The Rich, The Wealthy, & “The Others”

| October 19, 2008 | 0 Comments

In case you are not one, and didn’t know any, the world’s richest got even richer last year. Even as world financial markets broke down last year, personal wealth around the world grew 5 percent to $109.5 trillion. It was the sixth consecutive year of wealth expansion around the planet.

The fastest growth rate was not on America’s shores but among households in developing regions, such as China and the Gulf States. In these regions, the world-wide axiom applies: the families who were already rich got richer. Wealth is growing among households in Asia and the Pacific Rim – rising 14 percent. Wealth growth was fueled by manufacturing in Asia and commodities in Latin America and the Middle East.

The world’s wealth is increasingly concentrated among those that have the most. The top 1 percent of the world’s households owned 35 percent of its wealth last year. Meanwhile, the top 0.001 percent, ultra-rich households holding at least $5 million in assets, commanded $21 trillion – a fifth of the world’s wealth. Forbes lists 1,125 individuals and families as billionaires. Americans account for 42 percent of the world’s billionaires and 37 percent of their total wealth. Russia is number two with 87 billionaires. Germany is third with 59 billionaires. Africa has two of the world’s richest, South Africa’s Patrice Motsepe and Nigeria’s Aliko Dangote. Mohamed “Mo” Ibrahim is a Sudanese-born communications billionaire based in Briton. The planet continues to mint new millionaires rapidly. The biggest jumps in 2007 of second-tier rich came from emerging countries in Asia and Latin America. Overall, the number of millionaire households in the world grew to 10.7 million last year.

Hampered by the mortgage crisis and credit crunch North Americans’ personal wealth growth slowed to 3.8 percent last year. The number of U.S. millionaire households is now roughly seven percent of all households – 9.3 million. The number of millionaire black households in America is 110,000. Most black millionaire households get their wealth from family businesses – funeral homes, medical practices, real estate and construction, retail and service sector businesses. America’s two black billionaires, Oprah Winfrey and Bob Johnson amassed their fortunes in communications and entertainment, and real estate.

TNS research company reports that the median age of the head of millionaire US households is 58 percent – 45 percent are retired. Roughly 19 percent own in whole or part a professional practice or privately held business. Over 50 percent of millionaires said they had become more conservative in their investment approach over the past year. Their wealth is the result of long-term wealth accumulation. Although real estate is not their sole source of wealth, it remains a staple for many American millionaires. Forty-six percent own investment real estate like a second home or rental properties and 70 percent of millionaire households own stocks and bonds, and 68 percent own mutual funds.

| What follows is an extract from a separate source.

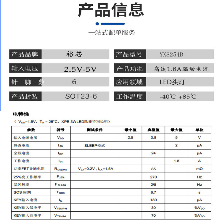 LED手电筒驱动芯片IC YX8254B 四模式设定 轻触开关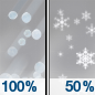 Temperature: 34°F Wind Speed: 2 to 6 mph Wind Direction: E Forecast: A chance of snow between 7am and 1pm, then freezing rain and rain and snow. Cloudy, with a high near 34. Chance of precipitation is 90%. |

Reports show that while the world’s rich have been making some adjustments as a result of the financial crisis. This year, assets are being shifted to more conservative investments, more money is being kept onshore in home markets and some investments have been curtailed. The outlook for wealth markets and the banks who serve them remains dimmed by the current financial crisis. Banks, brokerages and money managers will have little choice, but to expand their presence among these individuals, families and investment programs in the world’s fastest growing centers.

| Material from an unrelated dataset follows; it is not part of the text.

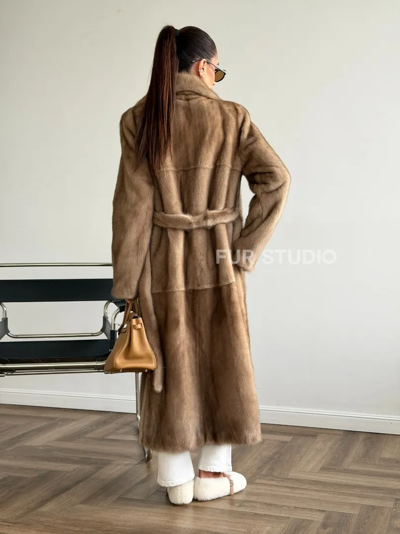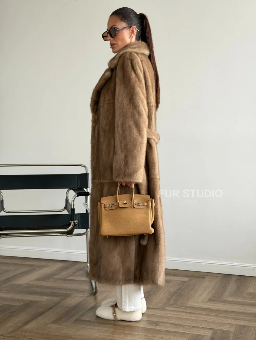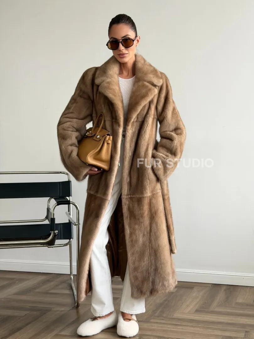 Мех данной шубы аукционная норка , цвет бежевый. Предлагается в размерах от 42 до 50. Длина модели 115-120 см, что выгодно подчеркивает фигуру девушек. Эта модель идеально подойдет для девушек и женщин, предпочитающих роскошные натуральные меха.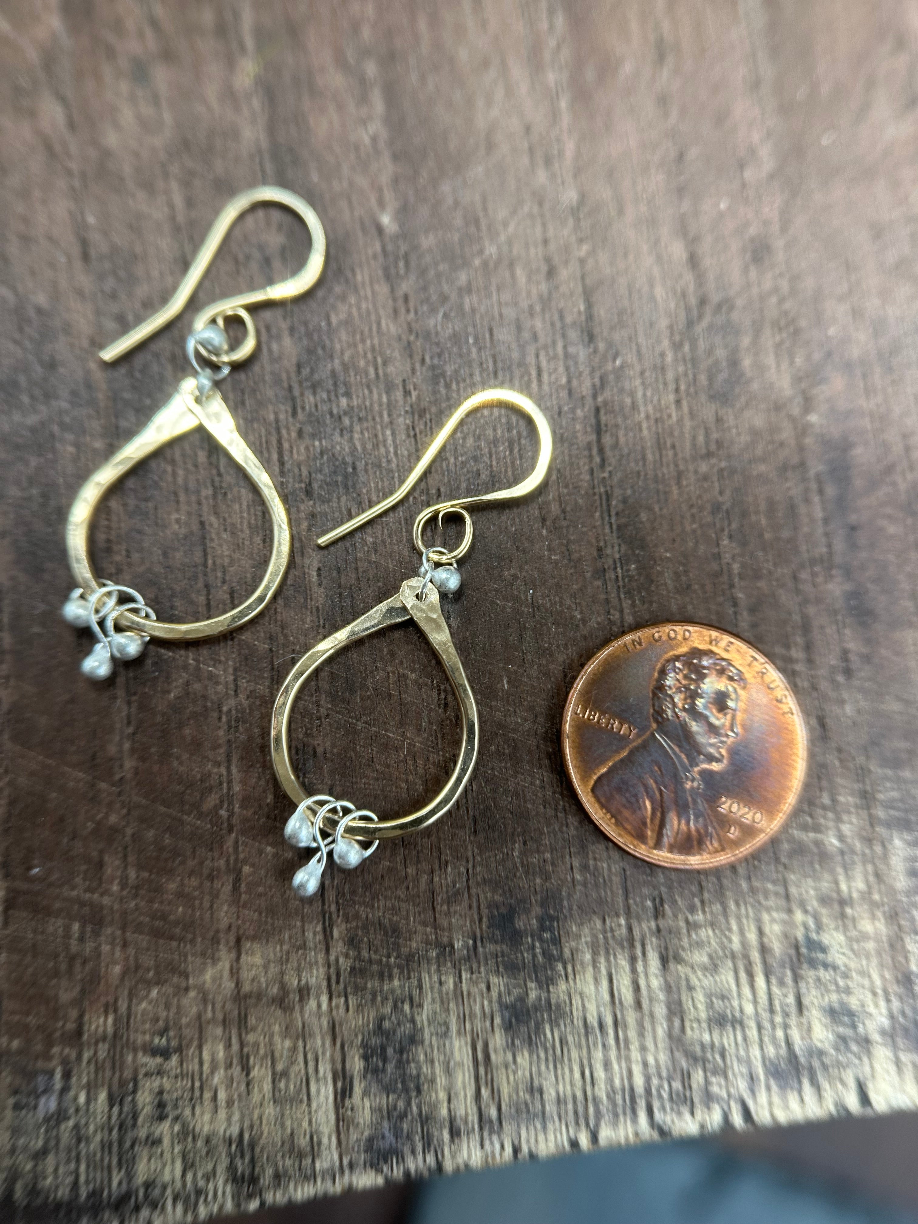 Gold-filled drops hang from gold-filled ear wires and are accented with little handmade sterling silver beads.

Personal wealth in America is expected to continue growing, but at a slower pace. With Wall Street’s slump, growth in assets is expected to rise less than 1 percent. Things are expected to improve over the next five years with personal wealth growing more than 3 percent annually – well off the 8.5 percent set between 2002 and 2007. While Black Americans have increased their presence in mainstream and middle-class-status numbers, their wealth profile remains comparatively low. The median black household income was $33,916 (national median: $50,233). Blacks’ per capita incomes was $18,428 (national figure: $26,804). Their poverty level was 24.5 percent (national rate: 12.5%). Blacks’ rate of poverty remained statistically unchanged.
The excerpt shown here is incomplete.